# Vancouver Housing Data 2025 – Part 1: Data Cleaning and Structuring

This notebook prepares the datasets for the Vancouver Housing Affordability and Urban Risk project.  
It focuses on data wrangling, merging, and indicator generation to enable meaningful analysis across municipalities.

---

## 1. Project Summary and Dataset Overview

Assess housing infrastructure conditions and regional disparities across Metro Vancouver by analyzing the age of owner-occupied dwellings and median household income.   

---

### Part 1 Objectives


- Import and preview key datasets
- Clean and standardize tables (e.g., column names, data types)
- Merge housing and income data by jurisdiction
- Output a dataset ready for visual and statistical analysis

---

### Data Sources

**Table 3.1.2** Owner-Occupied Units by Construction Period (Metro Vancouver) 
**Table 1.5.1** Median Household Income by Jurisdiction (2021 Census)

Data Source:
The datasets used in this project were retrieved from:
[Metro Vancouver Housing Data Book 2025](https://metrovancouver.org/services/regional-planning/housing-data-book),  
available through the Metro Vancouver Regional Planning Division.

---
### Final Output
A single, unified dataset that supports descriptive analysis, clustering, and PCA.


## 2. Load and Clean Each Table

In this section, we load and clean the two primary datasets used in the project. Each table is processed separately to ensure data consistency, remove irrelevant rows, and prepare key indicators such as housing age and median household income by jurisdiction.


In [3]:
# Import libraries
import pandas as pd
import requests
from io import BytesIO

### 2.1 Load and Clean Housing Table (Table 3.1.2)

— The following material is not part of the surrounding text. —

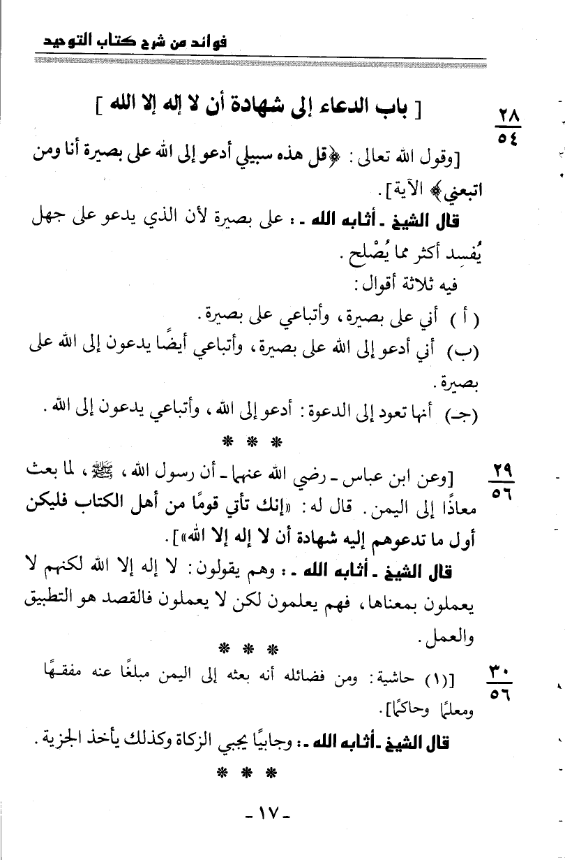 29: 56 [وعن ابن عباس –رضي الله عنهما-: أن رسول الله -صلى الله عليه وسلم- لما بعث معاذاً إلى اليمن قال له: "إنك تأتي قوماً من أهل الكتاب فليكن أول ما تدعوهم إليه شهادة أن لا إله إلا الله"] .

#### Load Housing Data from Metro Vancouver

This block attempts to fetch the housing Excel file directly from the [Metro Vancouver Housing Data Book 2025](https://metrovancouver.org/services/regional-planning/housing-data-book).  
It targets **Part 3 – Ownership Housing**, which contains construction year details for owner-occupied dwellings.

If the internet download fails (due to access restrictions or redirects), the script will automatically fall back to a locally saved copy of the file.

- 🔗 **Online source:** `metro-vancouver-housing-data-book-2025-part-3-ownership-housing.xlsx`
- 📄 **Target sheet:** `"Table 3.1.2"` – Owner-Occupied Dwellings by Period Built

In [6]:
# Define URL and sheet name
url = "https://metrovancouver.org/services/regional-planning/Documents/metro-vancouver-housing-data-book-2025-part-3-ownership-housing.xlsx"
sheet_name = "Table 3.1.2"

try:
    print("📡 Attempting to download data from Metro Vancouver...")
    response = requests.get(url)
    excel_file = BytesIO(response.content)
    xls = pd.ExcelFile(excel_file)
    print("✅ File successfully loaded from the internet.")
except Exception as e:
    print("⚠️ Could not retrieve file online. Trying local file instead.")
    xls = pd.ExcelFile("ownership_housing.xlsx")

# Load selected sheet
table_312 = pd.read_excel(xls, sheet_name=sheet_name, skiprows=0)
table_312.head(10)

📡 Attempting to download data from Metro Vancouver...
⚠️ Could not retrieve file online. Trying local file instead.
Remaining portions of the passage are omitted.